* _WHAT THE TASK REQUIRES_
Give back the line in the listing below that contains "- Salle d'eau" and all remaining lines, retyped exactly, through the last line.

* _EXTRACTED ENTRIES_
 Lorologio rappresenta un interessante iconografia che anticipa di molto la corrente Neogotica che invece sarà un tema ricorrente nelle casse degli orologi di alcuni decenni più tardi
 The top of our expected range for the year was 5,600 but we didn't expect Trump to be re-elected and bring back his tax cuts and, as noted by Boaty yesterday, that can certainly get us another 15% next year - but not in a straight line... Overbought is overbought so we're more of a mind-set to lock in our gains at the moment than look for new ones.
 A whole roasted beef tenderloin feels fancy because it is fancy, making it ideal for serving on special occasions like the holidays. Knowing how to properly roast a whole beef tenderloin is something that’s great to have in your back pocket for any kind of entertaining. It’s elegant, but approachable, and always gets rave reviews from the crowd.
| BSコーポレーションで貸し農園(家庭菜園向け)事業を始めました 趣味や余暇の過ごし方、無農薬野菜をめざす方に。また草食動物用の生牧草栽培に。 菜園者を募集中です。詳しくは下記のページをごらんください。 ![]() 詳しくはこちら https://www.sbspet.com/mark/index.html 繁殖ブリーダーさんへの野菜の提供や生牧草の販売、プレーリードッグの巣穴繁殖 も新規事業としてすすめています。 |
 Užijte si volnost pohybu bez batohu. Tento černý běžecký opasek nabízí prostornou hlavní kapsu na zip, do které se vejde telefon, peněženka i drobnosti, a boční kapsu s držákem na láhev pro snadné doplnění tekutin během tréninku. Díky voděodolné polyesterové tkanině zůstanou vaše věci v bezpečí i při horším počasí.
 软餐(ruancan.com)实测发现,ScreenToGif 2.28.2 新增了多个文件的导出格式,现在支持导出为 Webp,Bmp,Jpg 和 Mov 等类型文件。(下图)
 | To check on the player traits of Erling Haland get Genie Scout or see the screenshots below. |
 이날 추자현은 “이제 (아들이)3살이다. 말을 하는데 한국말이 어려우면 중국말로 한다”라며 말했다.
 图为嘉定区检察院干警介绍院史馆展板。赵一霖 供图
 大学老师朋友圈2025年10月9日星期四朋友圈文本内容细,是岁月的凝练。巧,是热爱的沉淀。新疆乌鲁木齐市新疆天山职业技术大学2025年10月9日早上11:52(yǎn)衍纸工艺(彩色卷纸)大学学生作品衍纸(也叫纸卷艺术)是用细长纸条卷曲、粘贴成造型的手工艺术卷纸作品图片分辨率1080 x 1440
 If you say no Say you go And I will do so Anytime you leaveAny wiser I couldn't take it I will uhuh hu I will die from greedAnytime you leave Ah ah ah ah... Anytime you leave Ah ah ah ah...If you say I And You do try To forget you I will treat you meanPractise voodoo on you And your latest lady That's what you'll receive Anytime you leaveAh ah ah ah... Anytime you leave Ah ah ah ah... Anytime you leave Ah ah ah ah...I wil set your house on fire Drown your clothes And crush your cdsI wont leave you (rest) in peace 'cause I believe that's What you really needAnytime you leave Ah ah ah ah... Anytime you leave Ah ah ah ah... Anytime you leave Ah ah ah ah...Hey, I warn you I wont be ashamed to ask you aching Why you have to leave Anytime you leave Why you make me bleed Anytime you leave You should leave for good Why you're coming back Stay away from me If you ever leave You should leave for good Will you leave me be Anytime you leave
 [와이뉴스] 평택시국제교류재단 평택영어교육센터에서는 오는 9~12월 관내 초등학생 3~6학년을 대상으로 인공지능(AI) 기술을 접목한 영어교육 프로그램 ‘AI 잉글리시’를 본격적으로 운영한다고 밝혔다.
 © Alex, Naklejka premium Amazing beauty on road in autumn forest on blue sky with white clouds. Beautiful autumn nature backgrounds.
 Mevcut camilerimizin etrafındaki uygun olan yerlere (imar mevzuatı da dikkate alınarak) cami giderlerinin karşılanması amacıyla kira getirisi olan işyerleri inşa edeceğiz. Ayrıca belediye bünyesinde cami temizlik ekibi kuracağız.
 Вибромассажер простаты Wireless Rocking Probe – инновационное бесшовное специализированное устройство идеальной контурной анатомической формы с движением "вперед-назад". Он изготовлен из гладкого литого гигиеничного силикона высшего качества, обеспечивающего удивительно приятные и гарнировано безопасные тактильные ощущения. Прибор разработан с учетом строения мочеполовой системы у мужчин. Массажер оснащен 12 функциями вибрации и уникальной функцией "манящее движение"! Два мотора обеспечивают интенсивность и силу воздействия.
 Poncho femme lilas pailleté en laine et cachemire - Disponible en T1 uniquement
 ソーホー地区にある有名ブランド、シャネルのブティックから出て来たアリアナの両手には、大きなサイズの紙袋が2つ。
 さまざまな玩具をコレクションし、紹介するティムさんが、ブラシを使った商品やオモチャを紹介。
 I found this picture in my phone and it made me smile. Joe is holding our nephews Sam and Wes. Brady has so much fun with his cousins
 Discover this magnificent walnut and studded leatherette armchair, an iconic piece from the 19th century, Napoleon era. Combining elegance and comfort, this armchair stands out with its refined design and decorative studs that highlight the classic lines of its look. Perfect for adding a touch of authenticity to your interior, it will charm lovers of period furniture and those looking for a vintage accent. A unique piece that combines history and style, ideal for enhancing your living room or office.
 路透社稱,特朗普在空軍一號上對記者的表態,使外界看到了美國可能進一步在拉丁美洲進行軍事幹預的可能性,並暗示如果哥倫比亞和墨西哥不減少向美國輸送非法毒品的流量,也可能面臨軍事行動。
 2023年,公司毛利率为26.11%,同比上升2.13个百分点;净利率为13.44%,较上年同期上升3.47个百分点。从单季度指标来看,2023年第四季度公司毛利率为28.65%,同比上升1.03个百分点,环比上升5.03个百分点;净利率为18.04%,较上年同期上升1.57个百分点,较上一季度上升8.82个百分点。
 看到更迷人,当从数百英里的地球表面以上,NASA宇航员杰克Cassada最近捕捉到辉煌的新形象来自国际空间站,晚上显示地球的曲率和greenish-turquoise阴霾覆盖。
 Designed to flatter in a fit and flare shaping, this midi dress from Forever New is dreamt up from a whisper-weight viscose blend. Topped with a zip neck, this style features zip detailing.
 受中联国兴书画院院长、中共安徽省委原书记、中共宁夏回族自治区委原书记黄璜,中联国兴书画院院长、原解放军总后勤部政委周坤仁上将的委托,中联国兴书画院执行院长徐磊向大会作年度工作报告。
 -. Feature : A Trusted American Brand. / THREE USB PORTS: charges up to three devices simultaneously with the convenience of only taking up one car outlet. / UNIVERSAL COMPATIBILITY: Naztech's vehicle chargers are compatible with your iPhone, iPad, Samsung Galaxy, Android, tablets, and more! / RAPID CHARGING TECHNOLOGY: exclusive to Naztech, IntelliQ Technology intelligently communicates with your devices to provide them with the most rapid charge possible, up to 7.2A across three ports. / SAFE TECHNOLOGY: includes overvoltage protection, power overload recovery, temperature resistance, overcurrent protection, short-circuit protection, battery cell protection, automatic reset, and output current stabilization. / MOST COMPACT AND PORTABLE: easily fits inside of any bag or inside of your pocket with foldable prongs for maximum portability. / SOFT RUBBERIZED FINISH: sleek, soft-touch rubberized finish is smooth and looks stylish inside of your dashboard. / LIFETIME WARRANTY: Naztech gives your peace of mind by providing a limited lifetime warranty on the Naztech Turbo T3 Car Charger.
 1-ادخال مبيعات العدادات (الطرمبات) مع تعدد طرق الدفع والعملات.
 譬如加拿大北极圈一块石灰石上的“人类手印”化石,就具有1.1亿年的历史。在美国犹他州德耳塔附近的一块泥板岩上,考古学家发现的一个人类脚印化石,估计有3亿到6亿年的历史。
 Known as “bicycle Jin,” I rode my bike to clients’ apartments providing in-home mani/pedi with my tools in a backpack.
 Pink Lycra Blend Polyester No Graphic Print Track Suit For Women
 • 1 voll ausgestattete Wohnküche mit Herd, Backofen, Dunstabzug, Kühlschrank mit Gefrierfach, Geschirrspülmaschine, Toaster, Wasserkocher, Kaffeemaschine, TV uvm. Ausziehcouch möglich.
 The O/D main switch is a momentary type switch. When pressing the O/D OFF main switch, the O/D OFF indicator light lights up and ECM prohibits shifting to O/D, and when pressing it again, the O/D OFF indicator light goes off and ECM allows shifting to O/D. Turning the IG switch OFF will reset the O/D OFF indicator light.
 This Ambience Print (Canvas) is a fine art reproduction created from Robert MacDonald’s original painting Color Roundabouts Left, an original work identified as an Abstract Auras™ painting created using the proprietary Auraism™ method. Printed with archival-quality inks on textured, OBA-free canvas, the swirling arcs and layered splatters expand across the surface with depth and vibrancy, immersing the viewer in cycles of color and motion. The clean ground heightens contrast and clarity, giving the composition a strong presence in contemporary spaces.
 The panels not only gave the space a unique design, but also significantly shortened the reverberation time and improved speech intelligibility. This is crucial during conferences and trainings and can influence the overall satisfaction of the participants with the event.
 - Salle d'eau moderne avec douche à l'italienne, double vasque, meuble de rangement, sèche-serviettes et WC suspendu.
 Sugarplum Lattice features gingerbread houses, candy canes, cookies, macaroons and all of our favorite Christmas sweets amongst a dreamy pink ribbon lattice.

* _ANSWER SPACE_
 - Salle d'eau moderne avec douche à l'italienne, double vasque, meuble de rangement, sèche-serviettes et WC suspendu.
 Sugarplum Lattice features gingerbread houses, candy canes, cookies, macaroons and all of our favorite Christmas sweets amongst a dreamy pink ribbon lattice.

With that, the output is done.